(Dataset excerpts)
***

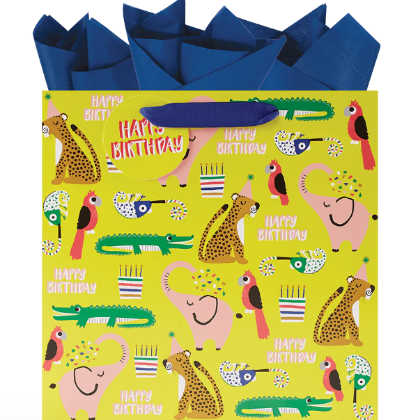 Printed on recycled white kraft, twill ribbon handles, 12.25" x 12.25" x 5"
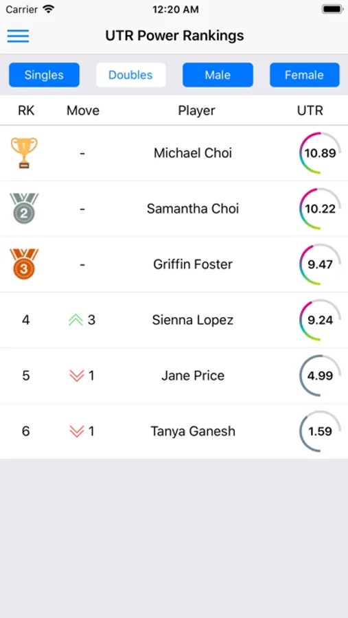 -View UTR Rankings list
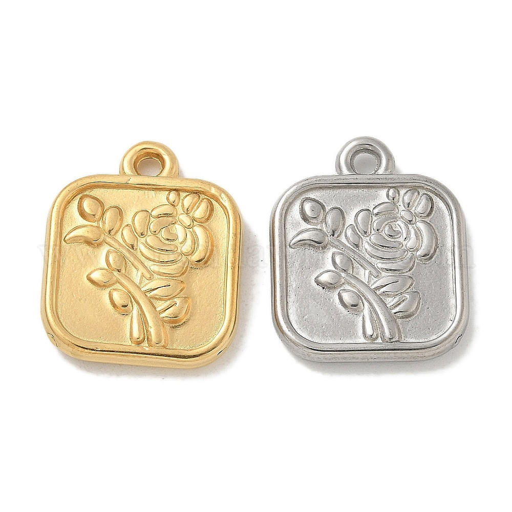304 подвески из нержавеющей стали, квадрат с цветочным шармом
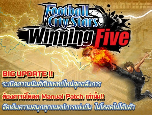 ถึงเวลาแล้วที่ทุกสนามจะเต็มไปด้วยความสนุกครั้งใหม่ที่เหนือชั้น มันส์เว่อร์ กับเกม Football city stars ฟุตบอลแฟนตาซีออนไลน์ จากค่าย PlayPark เตรียมส่ง patch ใหม่สุดอลังการลงสนามฟาดแข้งในวันที่ 28 มกราคมที่จะถึงนี้ โดยมีชื่อตอนใหม่สุดเฟี้ยวว่า Winning Five ขอบอกเลยว่าเป็น patch ใหญ่มากๆ ไม่สามารถอัพเดทด้วย Auto patch ได้ โดยเพื่อนๆ ต้องทำการโหลด Manual patch เท่านั้นถึงจะเข้าไปมันส์เว่อได้ โดยจะมีระบบเพิ่มขึ้นมาดังนี้
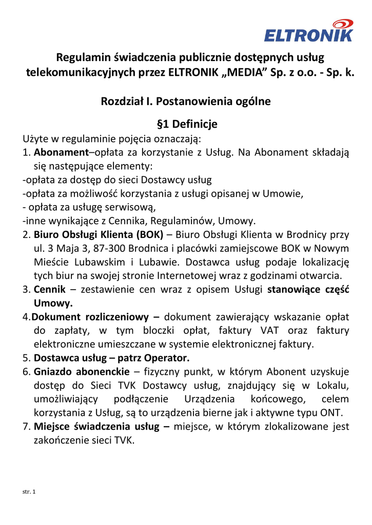 Regulamin świadczenia publicznie dostępnych usług telekomunikacyjnych przez ELTRONIK „MEDIA” Sp. z o.o. - Sp. k. Rozdział I. Postanowienia ogólne §1 Definicje Użyte w regulaminie pojęcia oznaczają: 1. Abonament–opłata za korzystanie z Usług. Na Abonament składają się następujące elementy: -opłata za dostęp do sieci Dostawcy usług -opłata za możliwość korzystania z usługi opisanej w Umowie, - opłata za usługę serwisową, -inne wynikające z Cennika, Regulaminów, Umowy. 2. Biuro Obsługi Klienta (BOK) – Biuro Obsługi Klienta w Brodnicy przy ul. 3 Maja 3, 87-300 Brodnica i placówki zamiejscowe BOK w Nowym Mieście Lubawskim i Lubawie. Dostawca usług podaje lokalizację tych biur na swojej stronie Internetowej wraz z godzinami otwarcia. 3. Cennik – zestawienie cen wraz z opisem Usługi stanowiące część Umowy. 4.Dokument rozliczeniowy – dokument zawierający wskazanie opłat do zapłaty, w tym bloczki opłat, faktury VAT oraz faktury elektroniczne umieszczane w systemie elektronicznej faktury. 5. Dostawca usług – patrz Operator. 6. Gniazdo abonenckie – fizyczny punkt, w którym Abonent uzyskuje dostęp do Sieci TVK Dostawcy usług, znajdujący się w Lokalu, umożliwiający podłączenie Urządzenia końcowego, celem korzystania z Usług, są to urządzenia bierne jak i aktywne typu ONT. 7. Miejsce świadczenia usług – miejsce, w którym zlokalizowane jest zakończenie sieci TVK. str. 1 8. Numer Ewidencyjny - nadany Abonentowi przez Dostawcę usług numer identyfikacyjny w celu ułatwienia dokonywania rozliczeń i komunikowania się z Dostawcą usług. 9. Okres rozliczeniowy-– miesiąc kalendarzowy. 10. Operator – ELTRONIK „Media” Sp. z o. o. – Sp. k. z siedzibą w Brodnicy, adres 87-300 Brodnica ul. 3 Maja 3, zarejestrowany w Sądzie Rejonowym w Toruniu VII Wydział Gospodarczy Krajowego Rejestru Sądowego, pod numerem KRS 0000318789, legitymujący się numerem NIP 874-15-88-284, REGON 871522439 oraz zarejestrowany w Rejestrze przedsiębiorstw telekomunikacyjnych prowadzonych przez Prezesa UKE pod numerem 1674. 11. Pakiet TVK- zestawienie programów telewizyjnych oferowanych przez Dostawcę usług. 12. Plan taryfowy – zakres usługi telefonii stacjonarnej. 13. Protokół Odbioru i Aktywacji- Usługi - dokument, w którym Abonent potwierdza przyjęcie do używania Sprzętu Operatora oraz potwierdza prawidłowy montaż i/lub sprawne funkcjonowanie Zakończenia Sieci i/lub Sprzętu Operatora niezbędnych do świadczenia Usług. 14. Regulamin – niniejszy Regulamin świadczenia usług telekomunikacyjnych przez Operatora, stanowiący część Umowy. 15. Regulamin promocji – regulamin zawierający zasady świadczenia Usług przez Operatora na warunkach innych niż określone w Regulaminie i Cenniku. Jeżeli zapisy w Regulaminie promocji stanowią inaczej niż zapisy w Regulaminie, Umowie lub Cenniku, to obowiązują zapisy Regulaminu promocji, ale tylko w przypadku, gdy Umowa została zawarta na warunkach promocji, stanowiącej część Umowy. 16. Rozliczenie miesięczne kosztów rozmów telefonicznych -kwota należna Dostawcy usług, obejmująca Abonament wraz z kwotą opłat za Połączenia z ostatniego Okresu rozliczeniowego, będąca podstawa do naliczania przez Dostawcę usług opłat za korzystanie z Usługi. str. 2 17. Sieć TVK – będąca własnością Operatora lub posiadana przez niego na podstawie innego tytułu prawnego, sieć telekomunikacyjna służąca do świadczenia Usług. 18. Sprzęt Operatora / Sprzęt – rzeczy oddane Abonentowi do odpłatnego lub nieodpłatnego używania na czas trwania Umowy będące własnością Dostawcy usług lub posiadane przez niego na podstawie innego tytułu prawnego, w tym przykładowo ONT, karta dekodująca. 19. Terminal abonencki – komputer lub inne Urządzenie końcowe umożliwiające odbiór, nadawanie, i przetwarzanie danych wykorzystywany przez Abonenta dla potrzeb korzystania z Usług świadczonych na podstawie Umowy. 20. Umowa - umowa o świadczenie usług telekomunikacyjnych w zakresie określonej usługi/usług zawarta pomiędzy Operatorem a Abonentem. 21. Urządzenie końcowe – urządzenie stanowiące własność Abonenta lub będące w jego posiadaniu na podstawie innego niż własność prawa, w szczególności aparat telefoniczny, komputer, telewizor lub inne podobne urządzenie umożliwiające Abonentowi korzystanie z Usług. 22. Usługi / Publicznie dostępne usługi telekomunikacyjne określone w niniejszym Regulaminie lub Umowie, usługi telekomunikacyjne łącznie ze świadczonymi Usługami dodatkowymi, w tym w szczególności: a)usługi w zakresie telewizji kablowej – dostarczanie programów metodą transmisji sygnału telewizyjnego, b)usługi telefonii stacjonarnej - ustanawianie Połączeń głosowych za pomocą Sieci pozwalających na dwukierunkowa łączność, c)usługi transmisji danych z dostępem do Internetu – zapewnienie transmisji danych, w tym dostępu do Internetu za pośrednictwem Sieci, d) inne – zgodnie z aktualną ofertą Usług Operatora. 23. Usługi dodatkowe – usługi towarzyszące Usłudze wymienione w Cenniku. str. 3 §2 Przedmiot Regulaminu. Regulamin określa zakres i warunki świadczenia Usług przez Dostawcę usług. §3 Zakres świadczenia Usług. 1. Dostawca usług zobowiązuje się do świadczenia Usług w zasięgu istniejących możliwości technicznych, zgodnie z Cennikiem i Regulaminem oraz Regulaminem promocji, na warunkach określonych w Umowie. 2. Nie stanowi zmiany Oferty Programowej usługi telewizji kablowej zmiana kolejności emisji programów w ramach tego samego Pakietu Programowego, zmiana sposobu nadawania obrazu i/lub dźwięku w programach telewizyjnych. Dostawca usług może udostępnić Abonentowi bez dodatkowych opłat dodatkowe programy w ramach Oferty Programowej, w szczególności w okresach testowych lub promocyjnych. Udostępnienie, jak i wycofanie takiego programu nie wymaga zmiany Umowy. Rozd
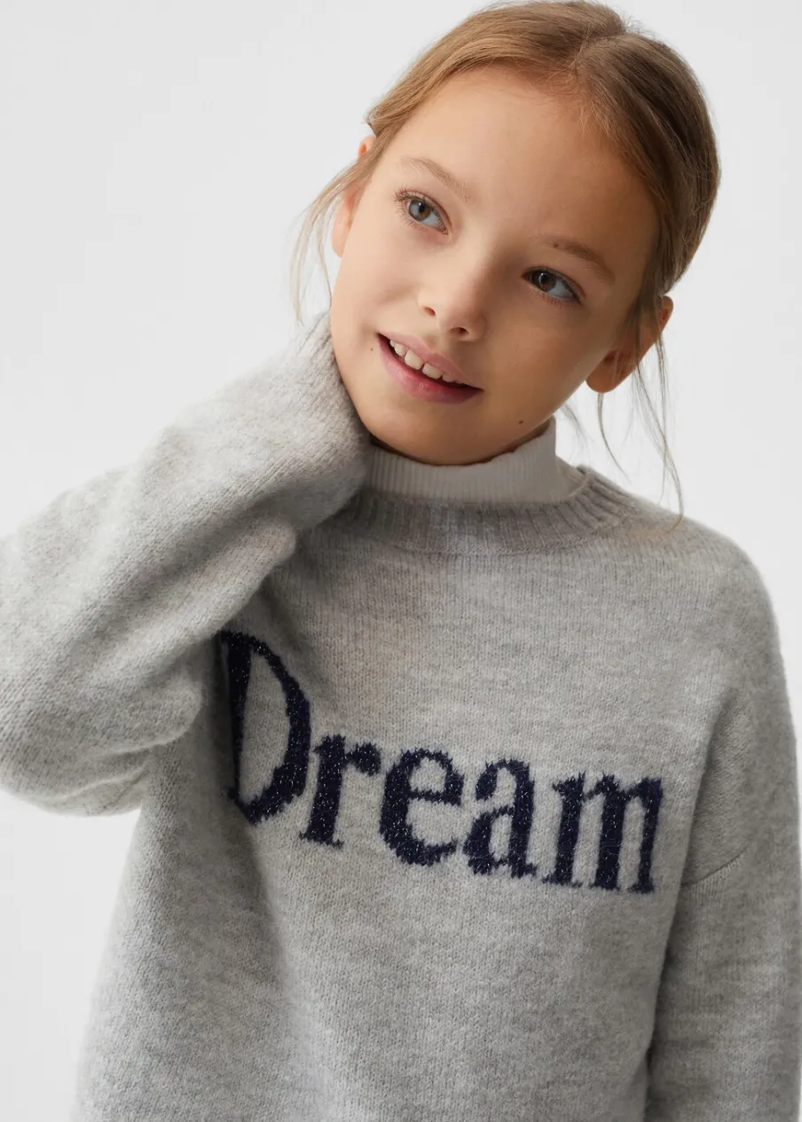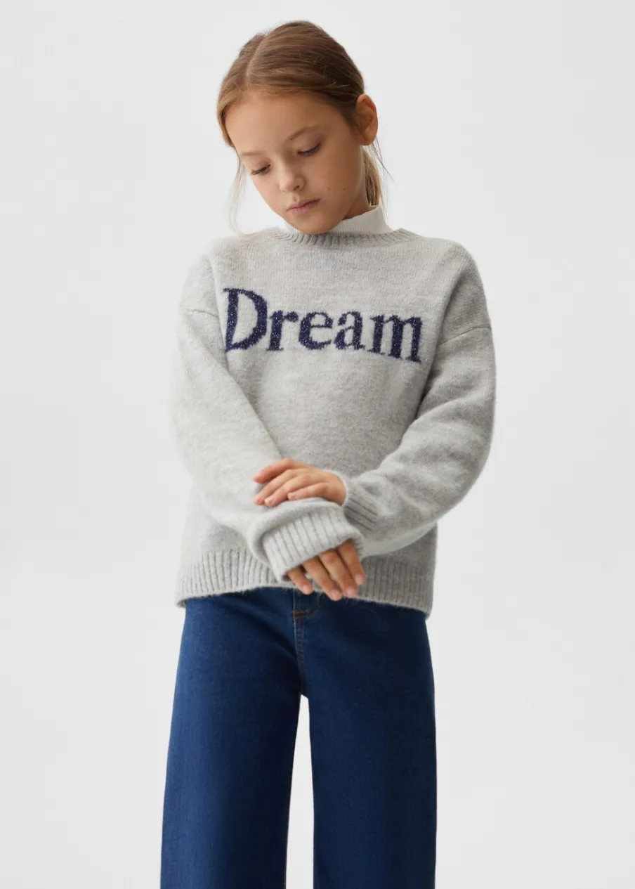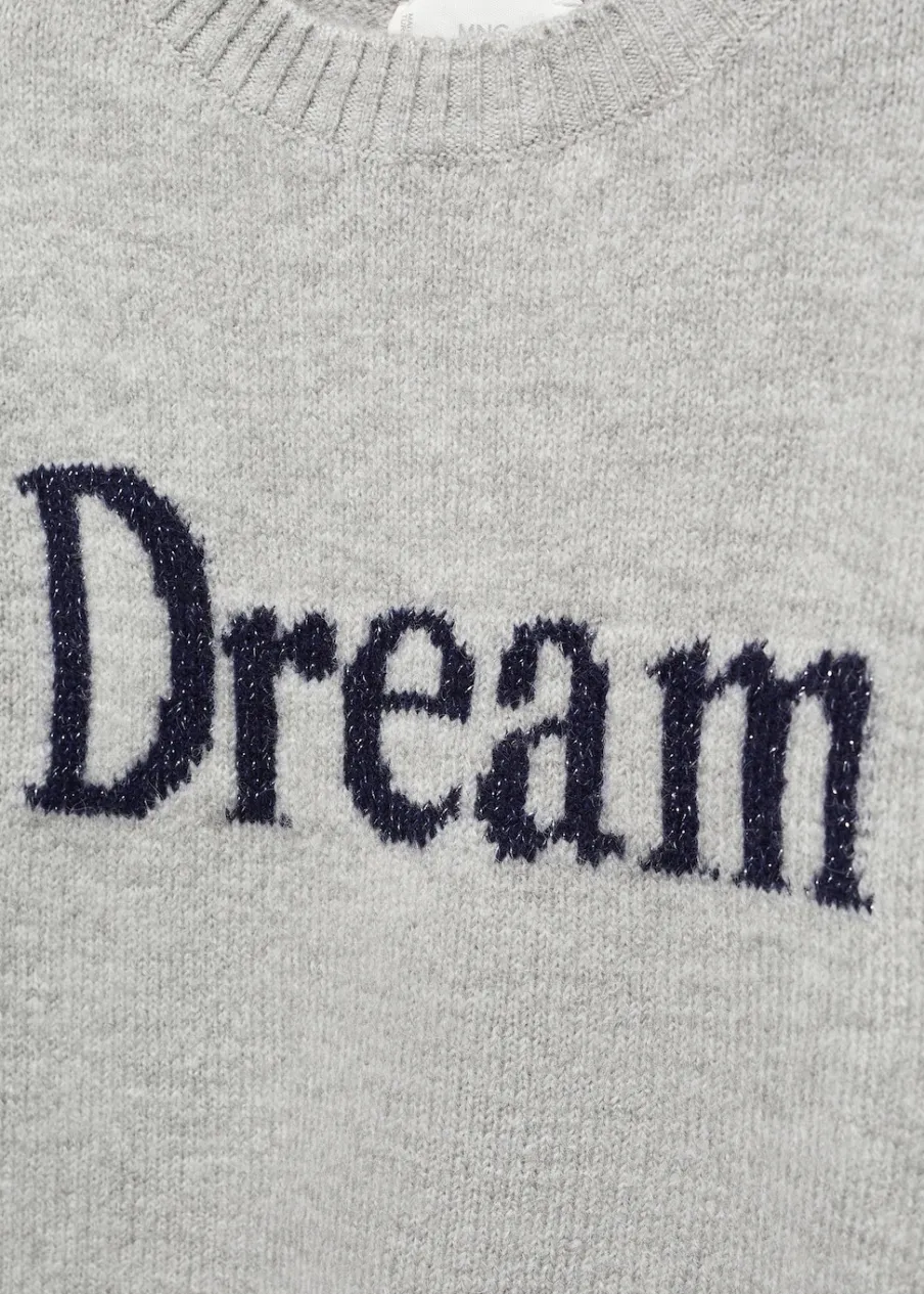 OpisDzianinowa tkanina, prosty krój, nadruk tekstu, okrągły dekolt, długi rękaw, bez zapięcia.
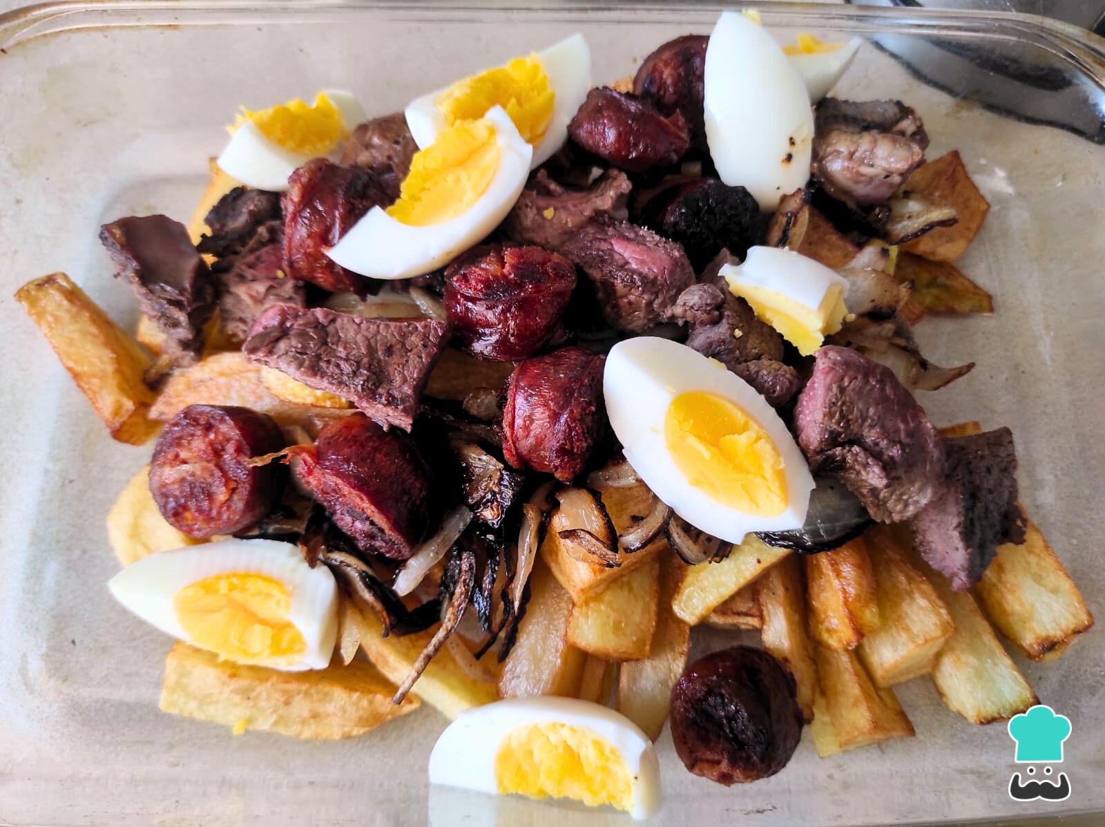 Coloca encima los trozos de carne, longaniza y los huevos duros previamente pelados y cortados en cuartos.
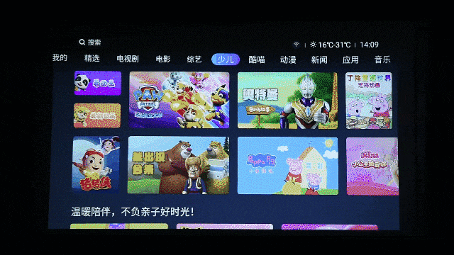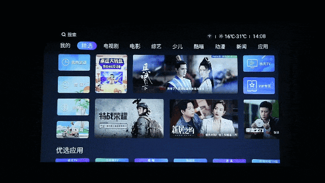 而在内容上,长虹Q3H智能投影整合了极为丰富的资源。腾讯极光深度整合,遥控器有专门的按键可以直接打开腾讯极光。同时其在主页分布了包括电影、电视剧、健身以及儿童等多种内容,一家老小都能找到自己喜欢看的。同时你还可以安装自己想要的APP,丰富的应用市场确保你找到想要的内容。

***

TASK REQUIREMENTS
Repeat word for word the lines beginning at the one with "OpisDzianinowa tkanina, prosty" and ending at the final line of the records above, both included, and no others. Leave the pictures out.

EXPECTED ANSWER
 OpisDzianinowa tkanina, prosty krój, nadruk tekstu, okrągły dekolt, długi rękaw, bez zapięcia.
 Coloca encima los trozos de carne, longaniza y los huevos duros previamente pelados y cortados en cuartos.
 而在内容上,长虹Q3H智能投影整合了极为丰富的资源。腾讯极光深度整合,遥控器有专门的按键可以直接打开腾讯极光。同时其在主页分布了包括电影、电视剧、健身以及儿童等多种内容,一家老小都能找到自己喜欢看的。同时你还可以安装自己想要的APP,丰富的应用市场确保你找到想要的内容。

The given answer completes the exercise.